- [Available data]:
________
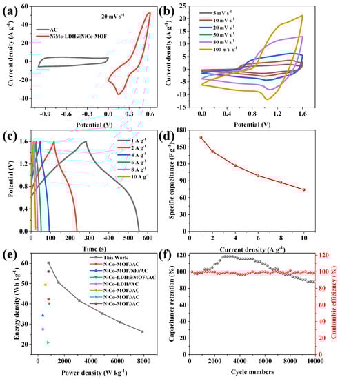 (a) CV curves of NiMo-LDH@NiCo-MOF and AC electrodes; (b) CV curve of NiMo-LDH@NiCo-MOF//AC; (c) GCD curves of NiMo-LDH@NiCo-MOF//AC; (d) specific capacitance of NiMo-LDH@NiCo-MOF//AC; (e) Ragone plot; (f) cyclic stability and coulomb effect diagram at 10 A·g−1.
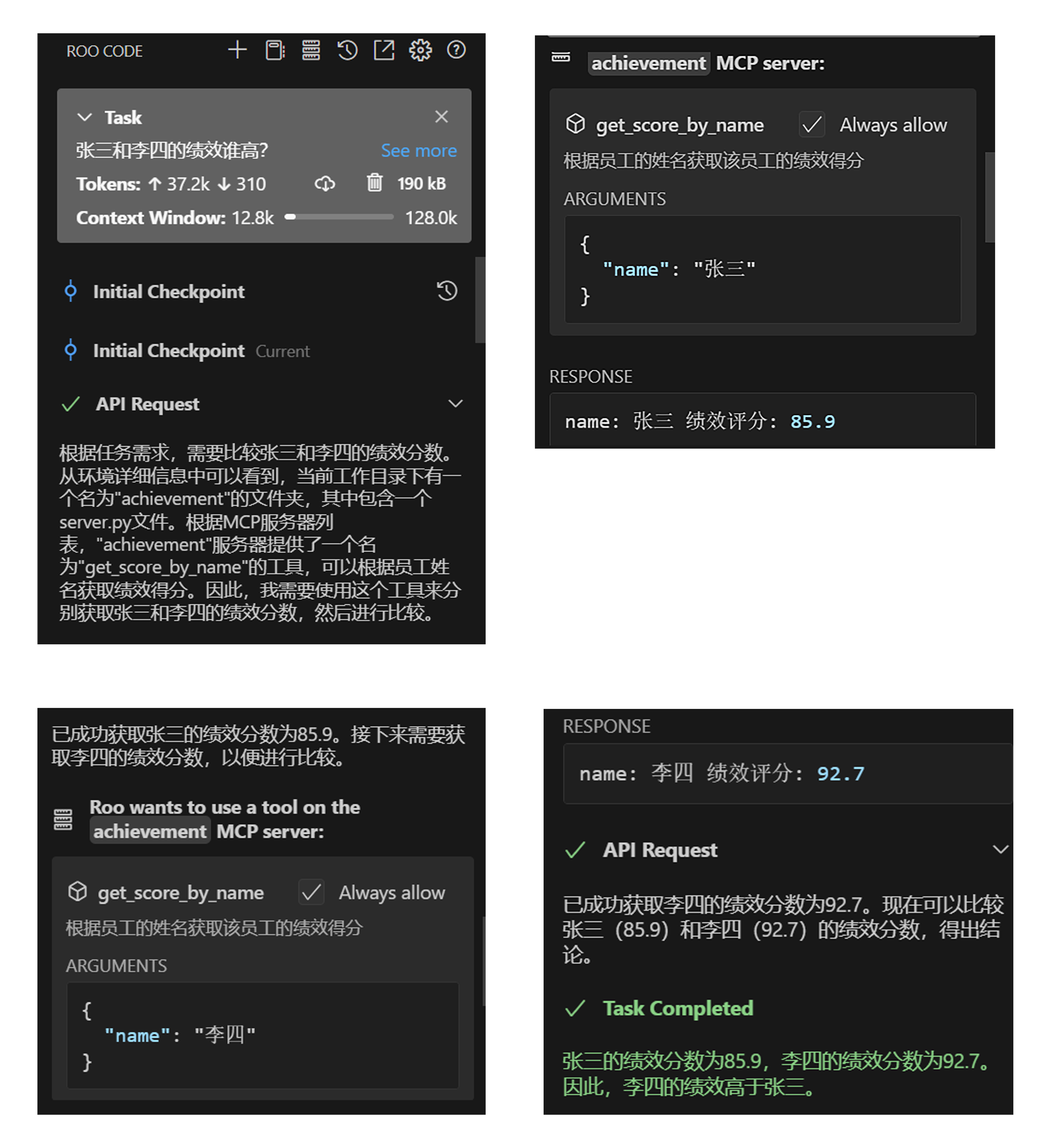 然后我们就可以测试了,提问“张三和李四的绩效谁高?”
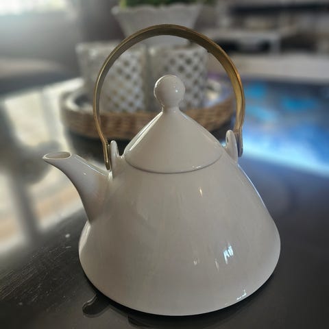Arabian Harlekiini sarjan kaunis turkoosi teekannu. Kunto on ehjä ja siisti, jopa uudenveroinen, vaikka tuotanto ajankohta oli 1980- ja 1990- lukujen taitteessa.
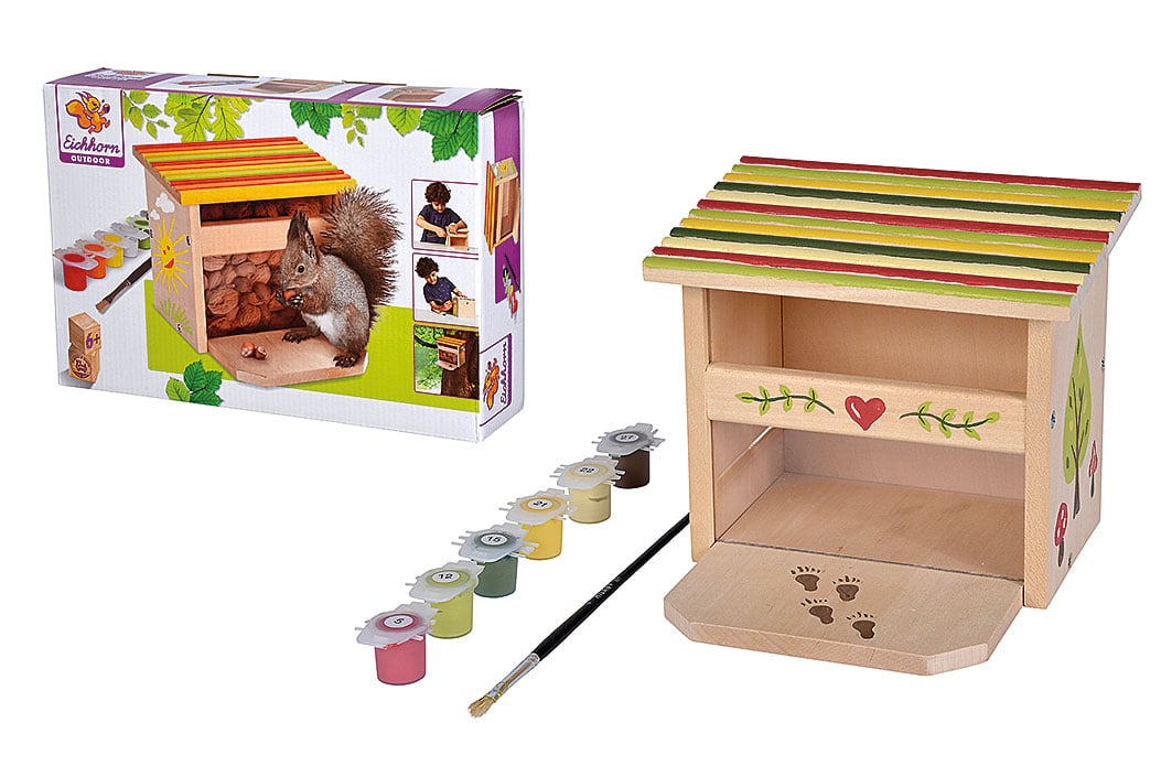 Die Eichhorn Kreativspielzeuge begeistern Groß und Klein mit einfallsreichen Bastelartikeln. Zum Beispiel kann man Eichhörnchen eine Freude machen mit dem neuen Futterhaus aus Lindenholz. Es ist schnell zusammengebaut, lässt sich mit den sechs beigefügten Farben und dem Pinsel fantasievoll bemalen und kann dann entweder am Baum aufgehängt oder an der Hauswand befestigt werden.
________
- [Task item]: The listing should be transcribed in full, exactly, and without its pictures.

- [Solution below]:
 (a) CV curves of NiMo-LDH@NiCo-MOF and AC electrodes; (b) CV curve of NiMo-LDH@NiCo-MOF//AC; (c) GCD curves of NiMo-LDH@NiCo-MOF//AC; (d) specific capacitance of NiMo-LDH@NiCo-MOF//AC; (e) Ragone plot; (f) cyclic stability and coulomb effect diagram at 10 A·g−1.
 然后我们就可以测试了,提问“张三和李四的绩效谁高?”
Arabian Harlekiini sarjan kaunis turkoosi teekannu. Kunto on ehjä ja siisti, jopa uudenveroinen, vaikka tuotanto ajankohta oli 1980- ja 1990- lukujen taitteessa.
 Die Eichhorn Kreativspielzeuge begeistern Groß und Klein mit einfallsreichen Bastelartikeln. Zum Beispiel kann man Eichhörnchen eine Freude machen mit dem neuen Futterhaus aus Lindenholz. Es ist schnell zusammengebaut, lässt sich mit den sechs beigefügten Farben und dem Pinsel fantasievoll bemalen und kann dann entweder am Baum aufgehängt oder an der Hauswand befestigt werden.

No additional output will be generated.